_WHAT TO PRODUCE_: Wherever the line that contains "رافينيا، لامين يامال." falls, repeat it and the lines after it exactly until the records end, without any pictures.
[[ SUPPLIED INFORMATION open ]]
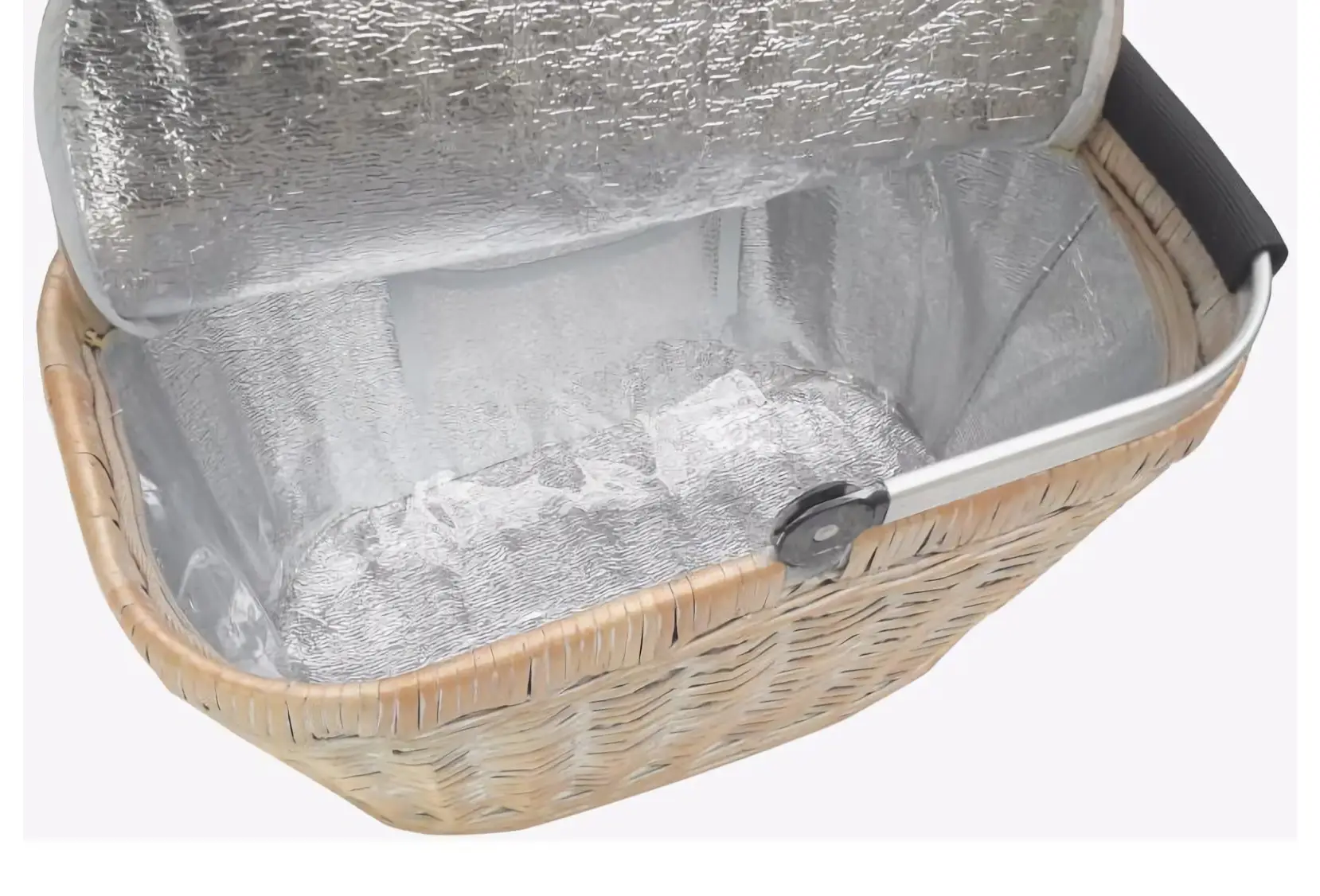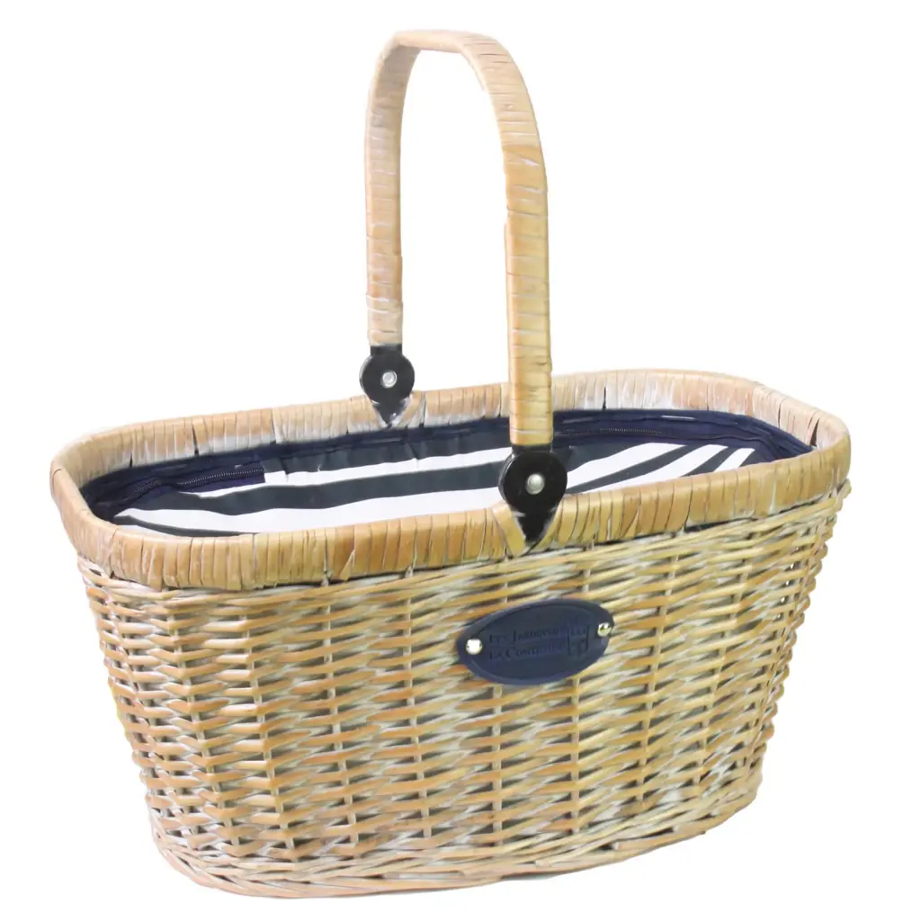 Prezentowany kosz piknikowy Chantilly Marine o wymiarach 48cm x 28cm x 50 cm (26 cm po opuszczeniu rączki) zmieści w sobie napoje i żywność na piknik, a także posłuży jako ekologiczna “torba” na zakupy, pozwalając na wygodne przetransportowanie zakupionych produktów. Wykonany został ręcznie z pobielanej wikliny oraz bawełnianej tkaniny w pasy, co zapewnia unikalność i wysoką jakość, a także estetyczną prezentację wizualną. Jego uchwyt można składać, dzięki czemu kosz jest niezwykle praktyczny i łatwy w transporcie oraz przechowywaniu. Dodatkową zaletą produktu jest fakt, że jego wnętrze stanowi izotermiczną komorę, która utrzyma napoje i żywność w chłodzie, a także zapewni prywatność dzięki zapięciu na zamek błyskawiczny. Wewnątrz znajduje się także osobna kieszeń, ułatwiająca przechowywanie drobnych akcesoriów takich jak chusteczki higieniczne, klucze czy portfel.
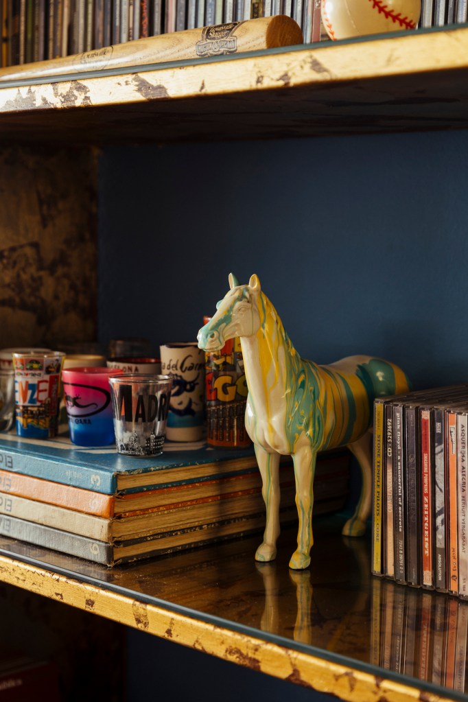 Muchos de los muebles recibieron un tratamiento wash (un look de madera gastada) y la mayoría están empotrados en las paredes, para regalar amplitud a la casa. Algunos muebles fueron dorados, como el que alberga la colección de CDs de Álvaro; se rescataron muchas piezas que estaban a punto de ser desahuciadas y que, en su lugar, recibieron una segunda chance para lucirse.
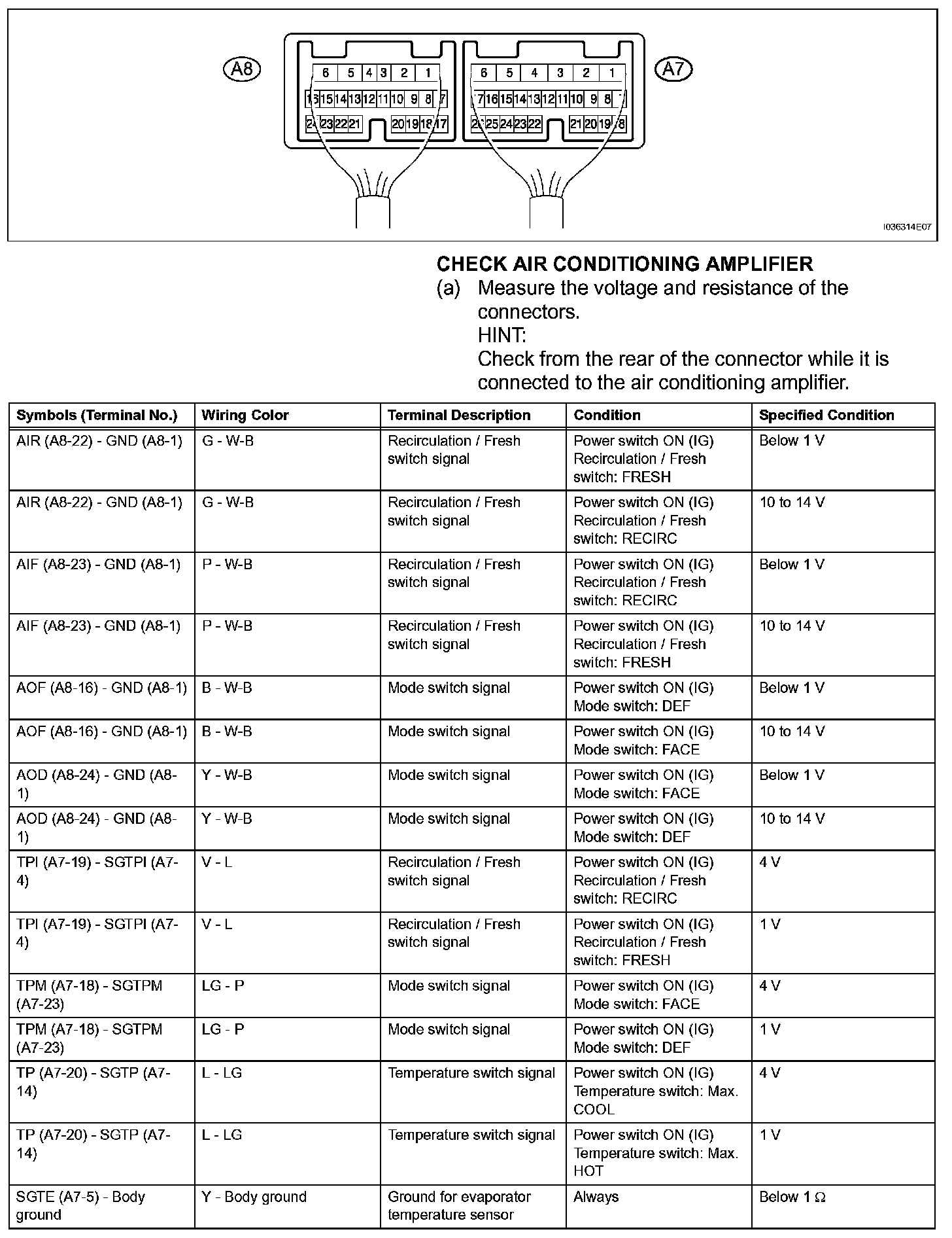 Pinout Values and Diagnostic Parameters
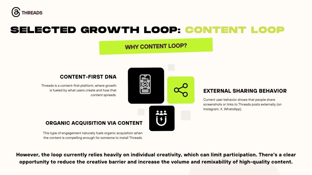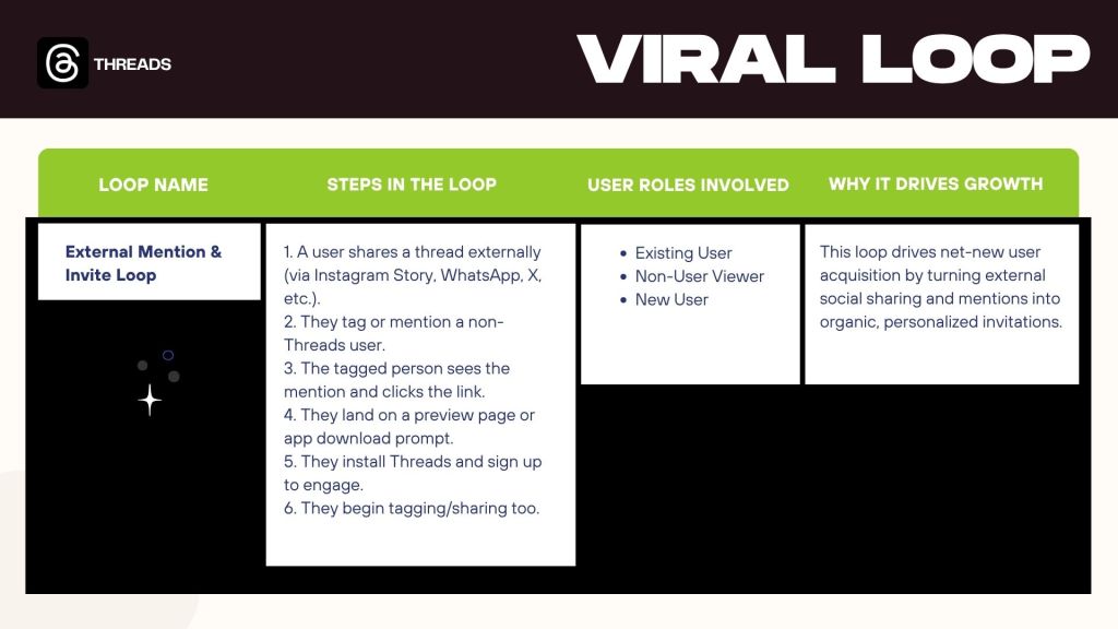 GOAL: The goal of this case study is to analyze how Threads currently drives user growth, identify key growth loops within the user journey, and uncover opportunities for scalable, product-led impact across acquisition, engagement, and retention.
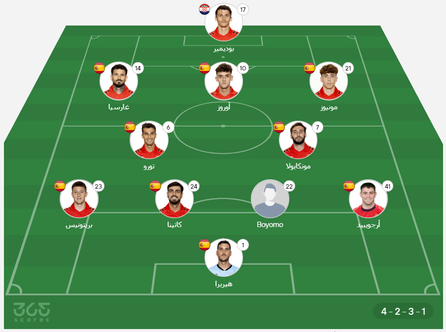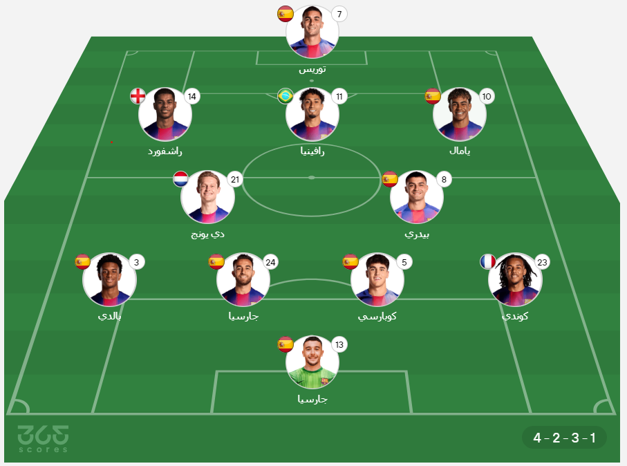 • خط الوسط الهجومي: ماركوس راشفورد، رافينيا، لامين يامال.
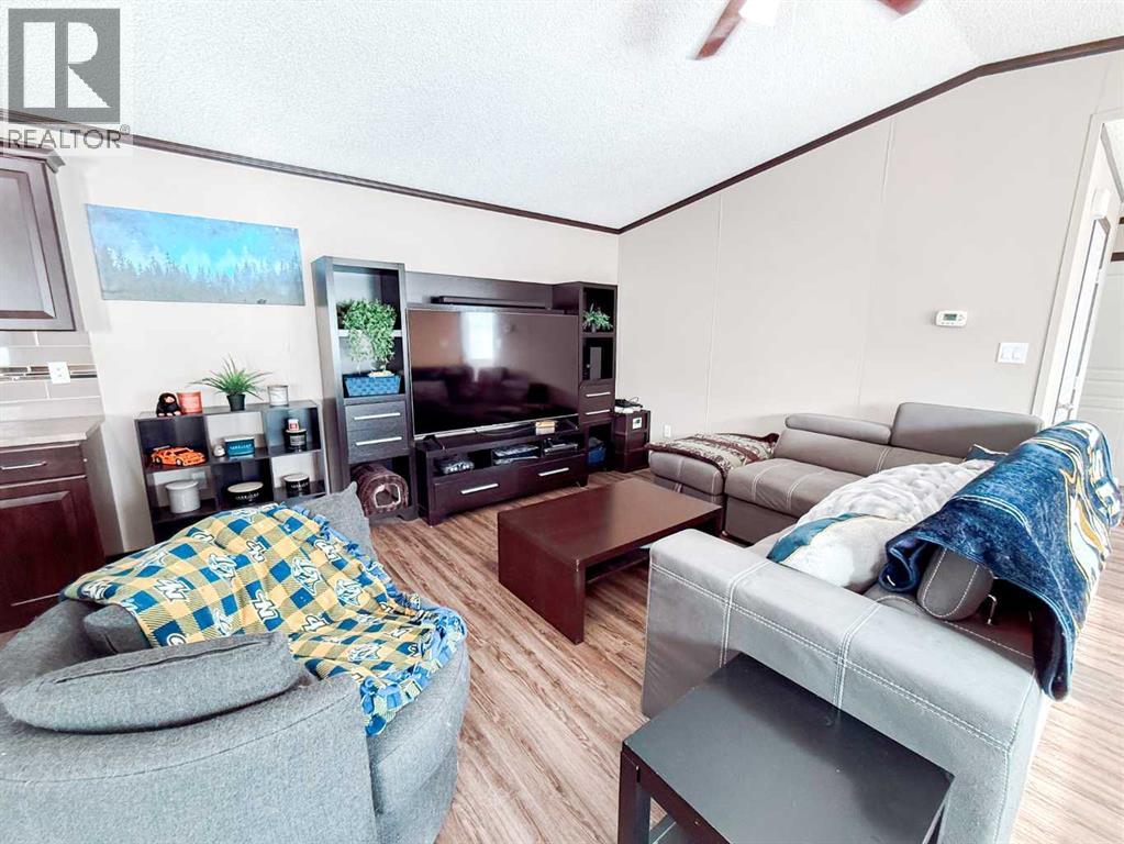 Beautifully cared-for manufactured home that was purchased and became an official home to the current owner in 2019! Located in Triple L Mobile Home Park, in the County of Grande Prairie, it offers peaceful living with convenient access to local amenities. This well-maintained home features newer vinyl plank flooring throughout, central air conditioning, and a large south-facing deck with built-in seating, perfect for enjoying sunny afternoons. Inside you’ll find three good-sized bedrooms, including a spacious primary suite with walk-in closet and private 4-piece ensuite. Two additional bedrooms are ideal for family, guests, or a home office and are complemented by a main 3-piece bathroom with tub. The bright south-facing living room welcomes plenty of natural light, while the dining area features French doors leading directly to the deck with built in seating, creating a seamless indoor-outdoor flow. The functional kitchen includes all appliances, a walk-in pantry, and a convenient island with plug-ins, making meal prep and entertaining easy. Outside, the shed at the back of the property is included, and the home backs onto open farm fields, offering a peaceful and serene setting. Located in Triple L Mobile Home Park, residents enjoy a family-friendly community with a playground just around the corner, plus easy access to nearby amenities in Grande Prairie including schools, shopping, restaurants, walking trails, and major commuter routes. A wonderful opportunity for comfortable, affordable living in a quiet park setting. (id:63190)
[[ SUPPLIED INFORMATION closed ]]
_EXERCISE OUTPUT_:
 • خط الوسط الهجومي: ماركوس راشفورد، رافينيا، لامين يامال.
 Beautifully cared-for manufactured home that was purchased and became an official home to the current owner in 2019! Located in Triple L Mobile Home Park, in the County of Grande Prairie, it offers peaceful living with convenient access to local amenities. This well-maintained home features newer vinyl plank flooring throughout, central air conditioning, and a large south-facing deck with built-in seating, perfect for enjoying sunny afternoons. Inside you’ll find three good-sized bedrooms, including a spacious primary suite with walk-in closet and private 4-piece ensuite. Two additional bedrooms are ideal for family, guests, or a home office and are complemented by a main 3-piece bathroom with tub. The bright south-facing living room welcomes plenty of natural light, while the dining area features French doors leading directly to the deck with built in seating, creating a seamless indoor-outdoor flow. The functional kitchen includes all appliances, a walk-in pantry, and a convenient island with plug-ins, making meal prep and entertaining easy. Outside, the shed at the back of the property is included, and the home backs onto open farm fields, offering a peaceful and serene setting. Located in Triple L Mobile Home Park, residents enjoy a family-friendly community with a playground just around the corner, plus easy access to nearby amenities in Grande Prairie including schools, shopping, restaurants, walking trails, and major commuter routes. A wonderful opportunity for comfortable, affordable living in a quiet park setting. (id:63190)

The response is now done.